>>>>>

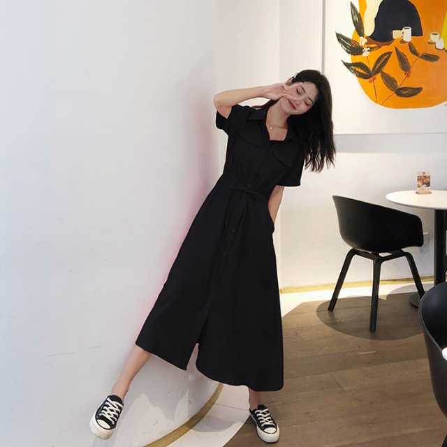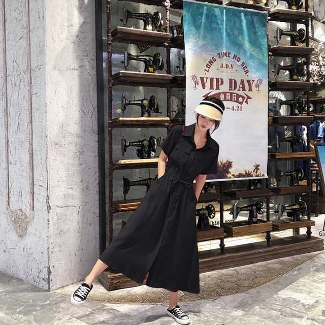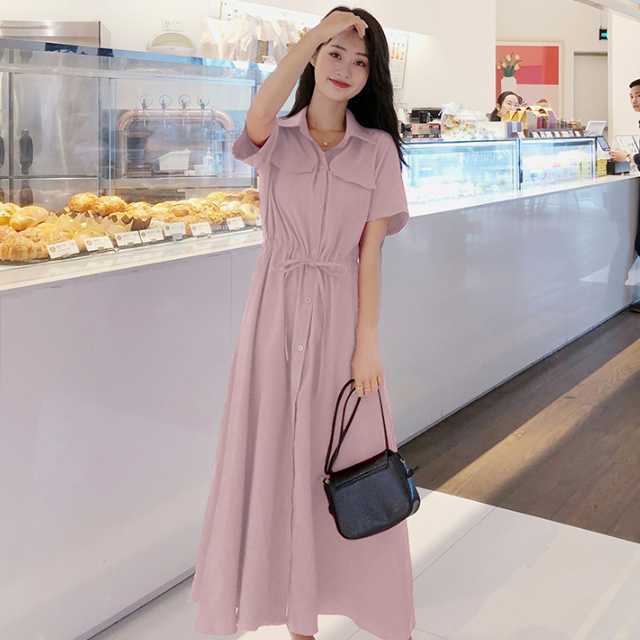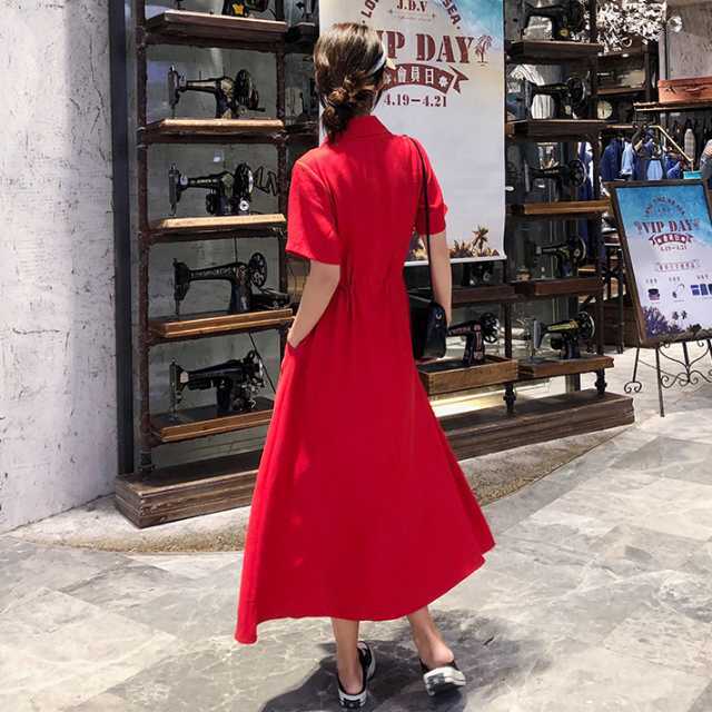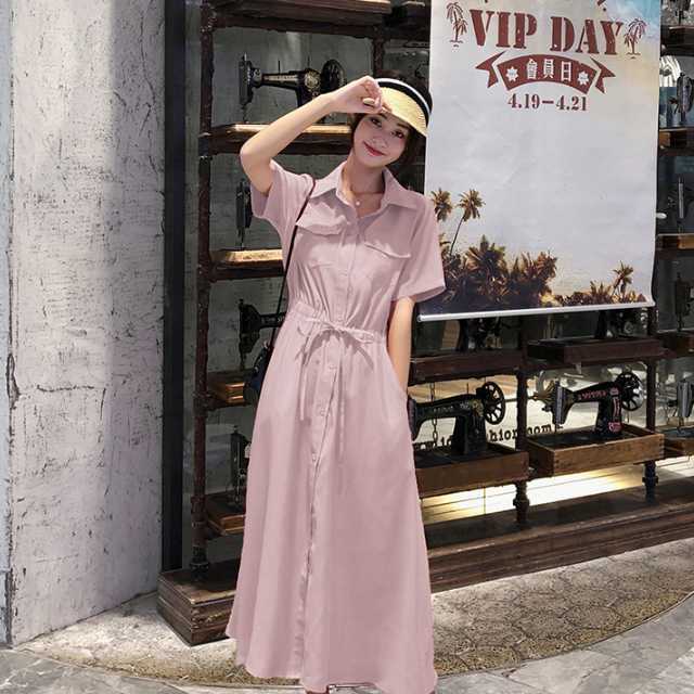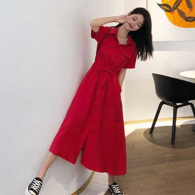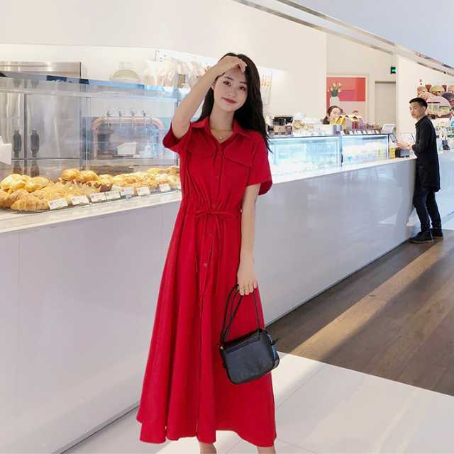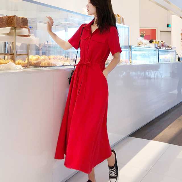 《入荷待ち》ワンピース シャツワンピース 半袖 ミモレ丈 ロング丈 レッド ブラック ピンク 無地 シンプル カジュアル
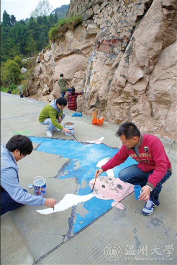 温州网讯 近日,在温州市区大罗山盘垟村入口处,十多名温大美术公司的师生,在水泥路、岩石上进行手绘创作——蓝色的天空、憨态的智慧猪,生动有趣。news.66wz.com/system/2015/04/20/104422135.shtml
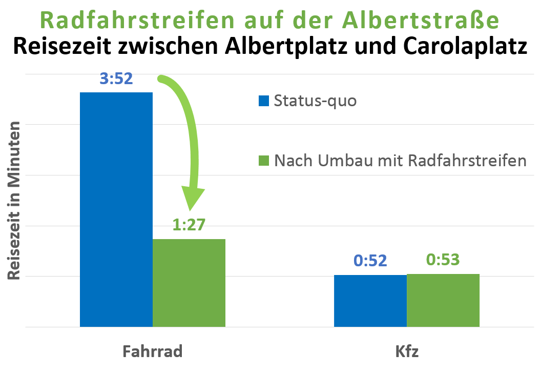 Eine Untersuchung des ADFC Dresden zeigt, dass die Anlage von Radfahrstreifen auf der Albertstraße zu einer Zeitersparnis von zweieinhalb Minuten für den Radverkehr führen. Dem steht eine Sekunde Zeiteinbuße für den Autoverkehr entgegen. Der Bau eines Radstreifens auf der Albertstraße würde somit dazu führen, dass Radfahrende zwischen Albert- und Carolaplatz statt in 3:52 Minuten nur noch 1:27 Minute pro Fahrt benötigen würden.
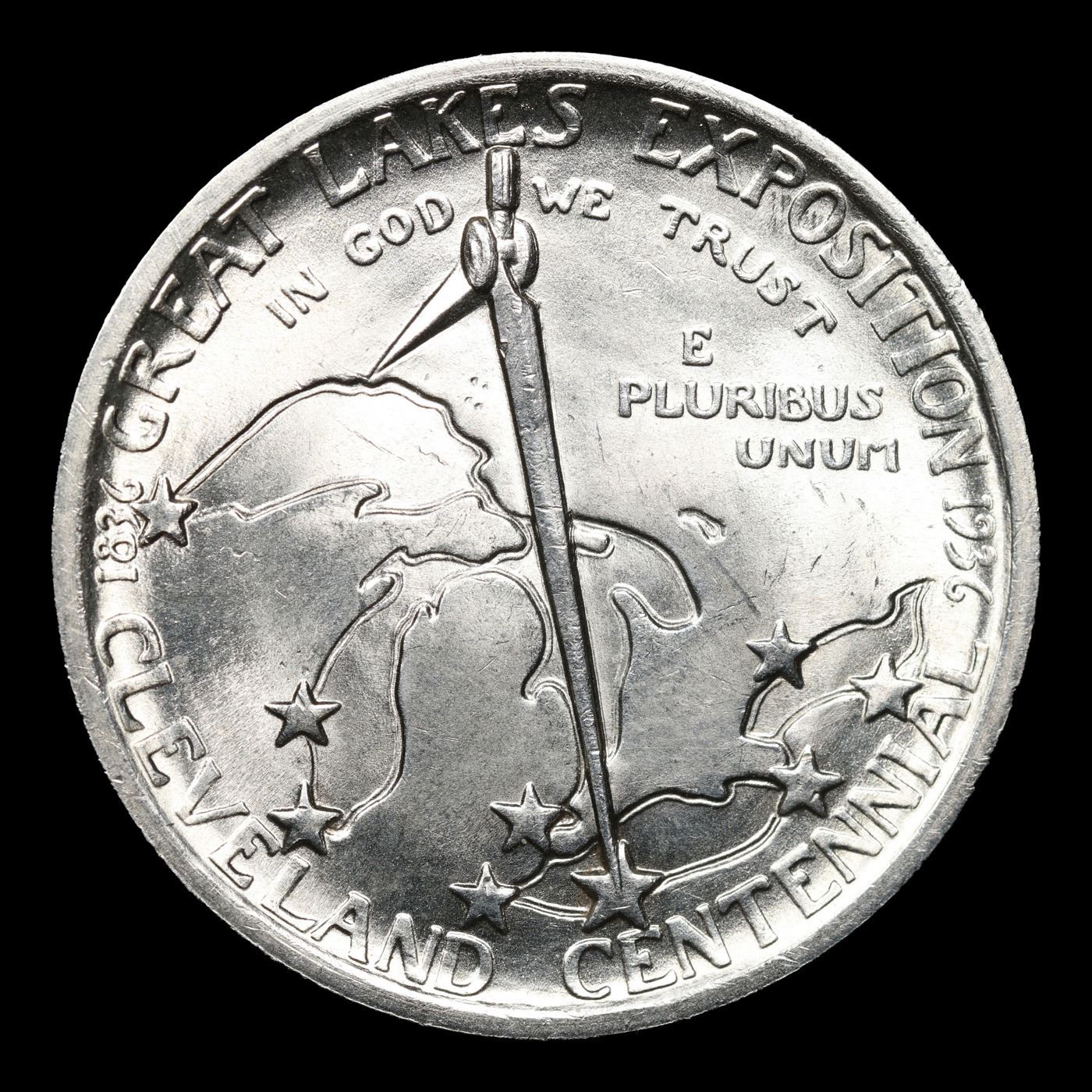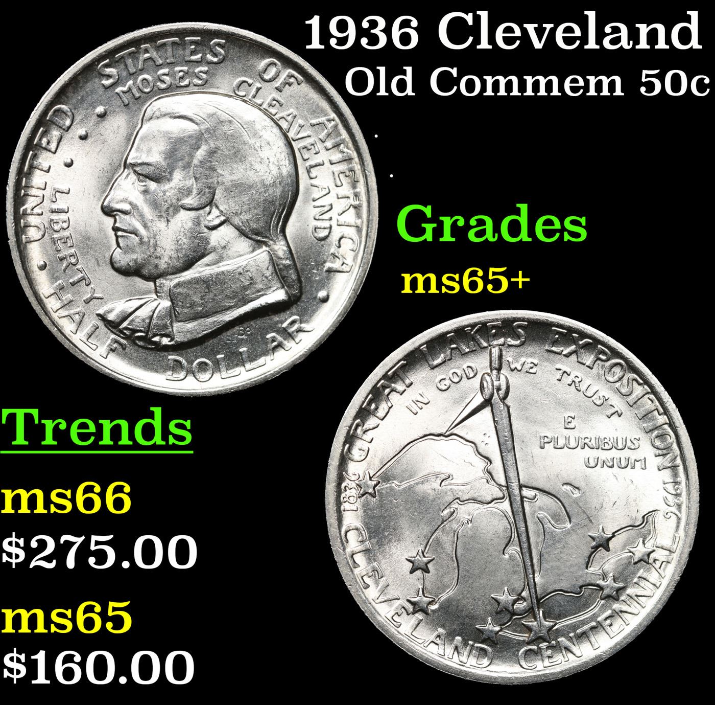 1936 Cleveland Old Commem Half Dollar 50c Grades GEM+ Unc. The High points on a Cleveland Half are the Top of the compass on the Reverse and the Cheekbone of the obverse, Look there when trying to see if there is any wear and whether you are looking at an Unc or an au58.
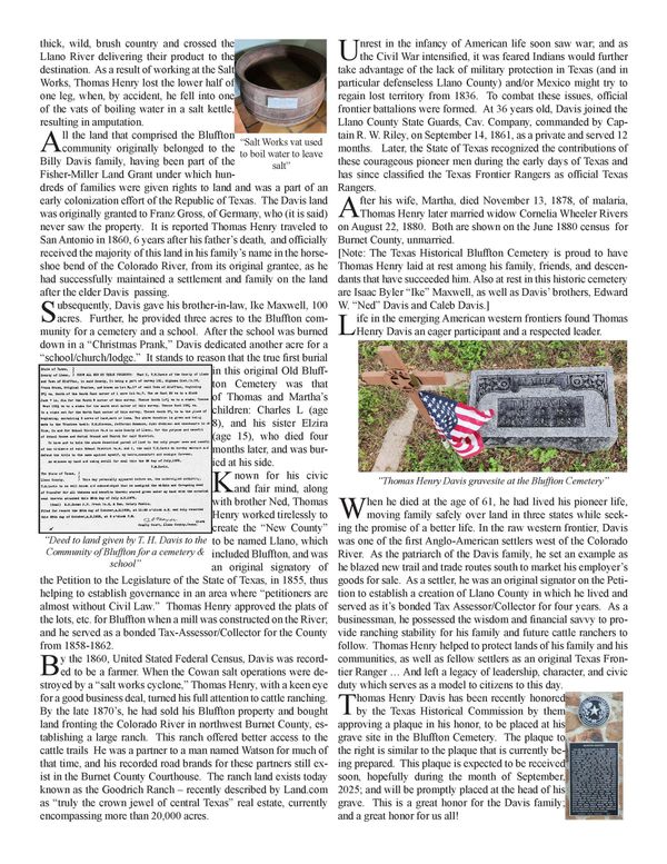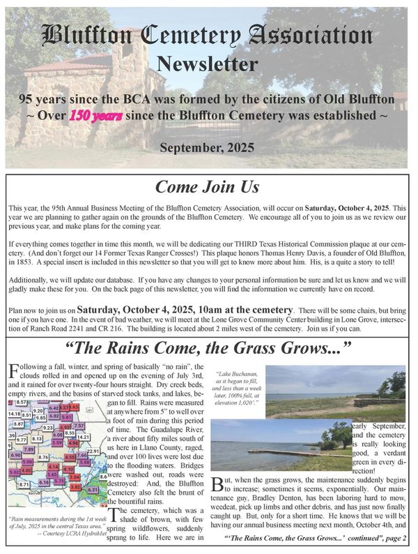 The Bluffton Cemetery is a historic cemetery that dates back over 150 years, to about 1864. In 2001, the Texas Historical Commission designated the Bluffton Cemetery as a Historic Texas Cemetery. The plaque to the left is proudly mounted on the wall of the chapel facing Ranch Road 2241.
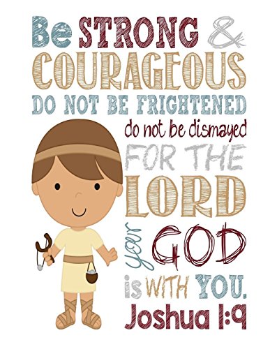 -. Title : Biblical Superhero - Christian Wall Art P.R.Int David and Goliath Nursery Decor - Be Strong & Courageous Joshua 1:9 Bible Verse - Nursery, Playroom or Kids Room Decor
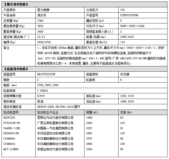 專用配置:罐體容積 5立方,罐體采用國標Q235碳鋼材質,新式工藝罐體,罐體厚度4MM,前后封頭5MM加厚型,罐體內雙層隔板具有防波蕩作用,以減輕汽車行駛時罐內液體沖擊;灑水車整車及外形尺寸嚴格按照國家機動車公告制作而成;裝配大功率專用灑水泵,前沖、后灑、側噴、后平臺帶消防式灑水炮,灑水炮可全方位旋轉,可連續調成直沖狀、大雨、小雨、毛毛雨;配消防接口,自流閥,濾網,帶自吸自排功能。前封頭帶水位計,后平臺主管路帶1寸澆花接口,后爬梯,帶1個消防接頭,帶1個自流閥,1個過濾裝置,其余標配。1、可選裝后平臺帶霧炮機組用于噴霧降塵、農藥噴灑作業;2、可選裝前置電子灑水炮駕駛室操作;3、可選裝氣動球閥駕駛室操作。
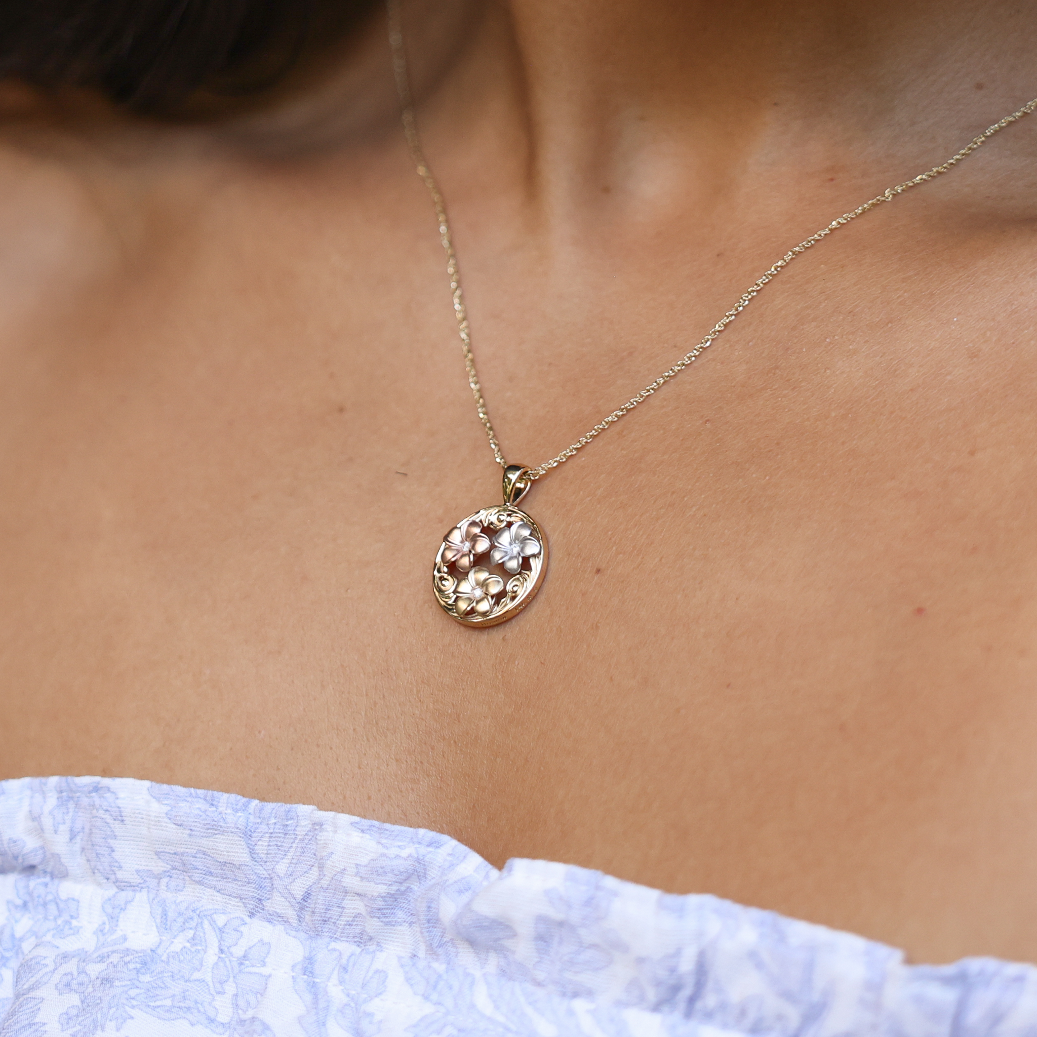 Hawaiian Heirloom Plumeria Pendant in Tri Color Gold with Diamonds - 18mm

<<<<<

▶ _EXERCISE OBJECTIVE_
The result should be an exact repetition of all the records. Drop the pictures.

▶ _ANSWER BOX_
 《入荷待ち》ワンピース シャツワンピース 半袖 ミモレ丈 ロング丈 レッド ブラック ピンク 無地 シンプル カジュアル
 温州网讯 近日,在温州市区大罗山盘垟村入口处,十多名温大美术公司的师生,在水泥路、岩石上进行手绘创作——蓝色的天空、憨态的智慧猪,生动有趣。news.66wz.com/system/2015/04/20/104422135.shtml
 Eine Untersuchung des ADFC Dresden zeigt, dass die Anlage von Radfahrstreifen auf der Albertstraße zu einer Zeitersparnis von zweieinhalb Minuten für den Radverkehr führen. Dem steht eine Sekunde Zeiteinbuße für den Autoverkehr entgegen. Der Bau eines Radstreifens auf der Albertstraße würde somit dazu führen, dass Radfahrende zwischen Albert- und Carolaplatz statt in 3:52 Minuten nur noch 1:27 Minute pro Fahrt benötigen würden.
 1936 Cleveland Old Commem Half Dollar 50c Grades GEM+ Unc. The High points on a Cleveland Half are the Top of the compass on the Reverse and the Cheekbone of the obverse, Look there when trying to see if there is any wear and whether you are looking at an Unc or an au58.
 The Bluffton Cemetery is a historic cemetery that dates back over 150 years, to about 1864. In 2001, the Texas Historical Commission designated the Bluffton Cemetery as a Historic Texas Cemetery. The plaque to the left is proudly mounted on the wall of the chapel facing Ranch Road 2241.
 -. Title : Biblical Superhero - Christian Wall Art P.R.Int David and Goliath Nursery Decor - Be Strong & Courageous Joshua 1:9 Bible Verse - Nursery, Playroom or Kids Room Decor
 專用配置:罐體容積 5立方,罐體采用國標Q235碳鋼材質,新式工藝罐體,罐體厚度4MM,前后封頭5MM加厚型,罐體內雙層隔板具有防波蕩作用,以減輕汽車行駛時罐內液體沖擊;灑水車整車及外形尺寸嚴格按照國家機動車公告制作而成;裝配大功率專用灑水泵,前沖、后灑、側噴、后平臺帶消防式灑水炮,灑水炮可全方位旋轉,可連續調成直沖狀、大雨、小雨、毛毛雨;配消防接口,自流閥,濾網,帶自吸自排功能。前封頭帶水位計,后平臺主管路帶1寸澆花接口,后爬梯,帶1個消防接頭,帶1個自流閥,1個過濾裝置,其余標配。1、可選裝后平臺帶霧炮機組用于噴霧降塵、農藥噴灑作業;2、可選裝前置電子灑水炮駕駛室操作;3、可選裝氣動球閥駕駛室操作。
 Hawaiian Heirloom Plumeria Pendant in Tri Color Gold with Diamonds - 18mm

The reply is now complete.